Three years ago, running a Whisper-class model on a laptop meant choosing between accuracy and usability. The CPU couldn't keep up. The GPU was power-hungry. Cloud was the only practical option.
Apple Silicon changed this.
What Core ML does
Core ML is Apple's framework for running ML models on-device. It handles the boring parts: memory management, operator fusion, scheduling across CPU/GPU/Neural Engine. You give it a model, it figures out how to run it efficiently.
For Whisper-style models, Core ML can split work across the Neural Engine (for matrix operations) and GPU (for attention layers).
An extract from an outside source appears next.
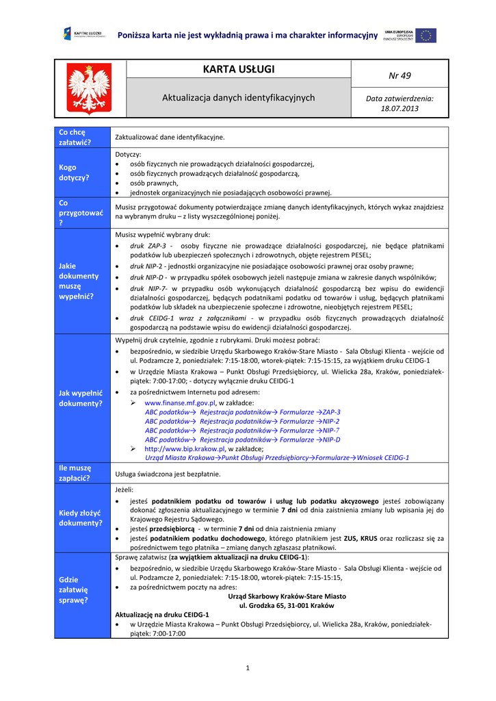 Poniższa karta nie jest wykładnią prawa i ma charakter informacyjny KARTA USŁUGI Aktualizacja danych identyfikacyjnych Nr 49 Data zatwierdzenia: 18.07.2013 Co chcę załatwić? Zaktualizować dane identyfikacyjne. Kogo dotyczy? Dotyczy: osób fizycznych nie prowadzących działalności gospodarczej, osób fizycznych prowadzących działalność gospodarczą, osób prawnych, jednostek organizacyjnych nie posiadających osobowości prawnej. Co przygotować ? Musisz przygotować dokumenty potwierdzające zmianę danych identyfikacyjnych, których wykaz znajdziesz na wybranym druku – z listy wyszczególnionej poniżej. Musisz wypełnić wybrany druk: Jakie dokumenty muszę wypełnić? druk ZAP-3 - osoby fizyczne nie prowadzące działalności gospodarczej, nie będące płatnikami podatków lub ubezpieczeń społecznych i zdrowotnych, objęte rejestrem PESEL; druk NIP-2 - jednostki organizacyjne nie posiadające osobowości prawnej oraz osoby prawne; druk NIP-D - w przypadku spółek osobowych jeżeli następuje zmiana w zakresie danych wspólników; druk NIP-7- w przypadku osób wykonujących działalność gospodarczą bez wpisu do ewidencji działalności gospodarczej, będących podatnikami podatku od towarów i usług, będących płatnikami podatków lub składek na ubezpieczenie społeczne i zdrowotne, nieobjętych rejestrem PESEL; druk CEIDG-1 wraz z załącznikami - w przypadku osób fizycznych prowadzących działalność gospodarczą na podstawie wpisu do ewidencji działalności gospodarczej. Wypełnij druk czytelnie, zgodnie z rubrykami. Druki możesz pobrać: Jak wypełnić dokumenty? Ile muszę zapłacić? bezpośrednio, w siedzibie Urzędu Skarbowego Kraków-Stare Miasto - Sala Obsługi Klienta - wejście od ul. Podzamcze 2, poniedziałek: 7:15-18:00, wtorek-piątek: 7:15-15:15, za wyjątkiem druku CEIDG-1 w Urzędzie Miasta Krakowa – Punkt Obsługi Przedsiębiorcy, ul. Wielicka 28a, Kraków, poniedziałekpiątek: 7:00-17:00; - dotyczy wyłącznie druku CEIDG-1 za pośrednictwem Internetu pod adresem: www.finanse.mf.gov.pl, w zakładce: ABC podatków→ Rejestracja podatników→ Formularze →ZAP-3 ABC podatków→ Rejestracja podatników→ Formularze →NIP-2 ABC podatków→ Rejestracja podatników→ Formularze →NIP-7 ABC podatków→ Rejestracja podatników→ Formularze →NIP-D http://www.bip.krakow.pl, w zakładce; Urząd Miasta Krakowa→Punkt Obsługi Przedsiębiorcy→Formularze→Wniosek CEIDG-1 Usługa świadczona jest bezpłatnie. Jeżeli: Kiedy złożyć dokumenty? Gdzie załatwię sprawę? jesteś podatnikiem podatku od towarów i usług lub podatku akcyzowego jesteś zobowiązany dokonać zgłoszenia aktualizacyjnego w terminie 7 dni od dnia zaistnienia zmiany lub wpisania jej do Krajowego Rejestru Sądowego. jesteś przedsiębiorcą - w terminie 7 dni od dnia zaistnienia zmiany jesteś podatnikiem podatku dochodowego, którego płatnikiem jest ZUS, KRUS oraz rozliczasz się za pośrednictwem tego płatnika – zmianę danych zgłaszasz płatnikowi. Sprawę załatwisz (za wyjątkiem aktualizacji na druku CEIDG-1): bezpośrednio, w siedzibie Urzędu Skarbowego Kraków-Stare Miasto - Sala Obsługi Klienta - wejście od ul. Podzamcze 2, poniedziałek: 7:15-18:00, wtorek-piątek: 7:15-15:15, za pośrednictwem poczty na adres: Urząd Skarbowy Kraków-Stare Miasto ul. Grodzka 65, 31-001 Kraków Aktualizację na druku CEIDG-1 w Urzędzie Miasta Krakowa – Punkt Obsługi Przedsiębiorcy, ul. Wielicka 28a, Kraków, poniedziałekpiątek: 7:00-17:00 . 1 Poniższa karta nie jest wykładnią prawa i ma charakter informacyjny Po otrzymaniu Twoich dokumentów: Co zrobi urząd? Jaki jest czas realizacji? Jak się odwołać? Załatwimy Twoją sprawę bez zbędnej zwłoki, nie później niż w terminie jednego miesiąca. W tym przypadku nie jest przewidziana droga odwoławcza. Informacje dodatkowe Podstawa prawna Zweryfikujemy zgłoszenie aktualizacyjne oraz załączone dokumenty. Jeżeli zgłoszenie aktualizacyjne jest niekompletne wezwiemy Cię do jego uzupełnienia. Jeżeli prawidłowość złożonych dokumentów nie budzi wątpliwości, zaktualizujemy Twoje dane identyfikacyjne. W przypadku zmian: objętych zaświadczeniem o wpisie do centralnej ewidencji działalności gospodarczej, aktualizację danych identyfikacyjnych składa się wyłącznie w Urzędzie Miasta Krakowa w Punkcie Obsługi Przedsiębiorcy ul. Wielicka 28A. Na druku CEIDG-1 możesz zgłosić również zmianę formy opodatkowania (rubryki od nr 18 do 20). Pamiętaj o podaniu numeru telefonu kontaktowego oraz adresu e-mail. Ustawa z dnia 13 października 1995r. o zasadach ewidencji i identyfikacji podatników i płatników (t.j. Dz. U. z 2012r. Nr 1314 ze zm.). Ustawa z dnia 20 sierpnia 1997r. o Krajowym Rejestrze Sądowym (t.j. Dz. U. z 2007r. Nr 168 poz. 1186 ze zm.). Ustawa z dnia 2 lipca 2004r. o swobodzie działalności gospodarczej (t.j. Dz. U. z 2013r. Nr 672 ze zm.). Rozporządzenie Ministra Finansów z dnia 30 grudnia 2010r. w sprawie sposobu przesyłania zgłoszeń oraz rodzajów podpisu elektronicznego, którym powinny być opatrzone (Dz. U. z 2010r. Nr 259 poz. 1768). 2

The result: fast inference without thermal throttling.
What Metal adds
Metal is Apple's low-level GPU API. Core ML uses it under the hood, but we also use Metal directly for custom audio processing kernels.
The pre-processing pipeline (noise suppression, normalization, resampling) runs on Metal. This keeps the CPU free for UI work and avoids memory copies between CPU and GPU.
Real numbers
On an M1 Mac, finalizing 30 seconds of audio takes about 2-3 seconds. That's the model inference time after you release the hotkey.
On an M3, it's closer to 1.5-2 seconds.
Intel Macs still work but run slower. The model uses CPU fallbacks, which means longer finalization and more power draw.
Why this matters for battery
Cloud dictation keeps the radio on. Uploading audio, waiting for response, downloading text. Each step draws power.
On-device inference is a burst: work hard for 2 seconds, then idle. The Neural Engine is remarkably efficient for this pattern. We've had users dictate for hours on battery.
Trade-offs
Model size vs accuracy. Smaller models run faster but miss more words. We offer multiple model sizes (27 MB to 550 MB) so you can pick the trade-off that fits your hardware.
Larger models make sense on M2/M3 with plenty of unified memory. Smaller models work better on 8GB machines or older Intel Macs.
On-device used to mean compromise. Now it means fast, private, and battery-friendly. The hardware caught up.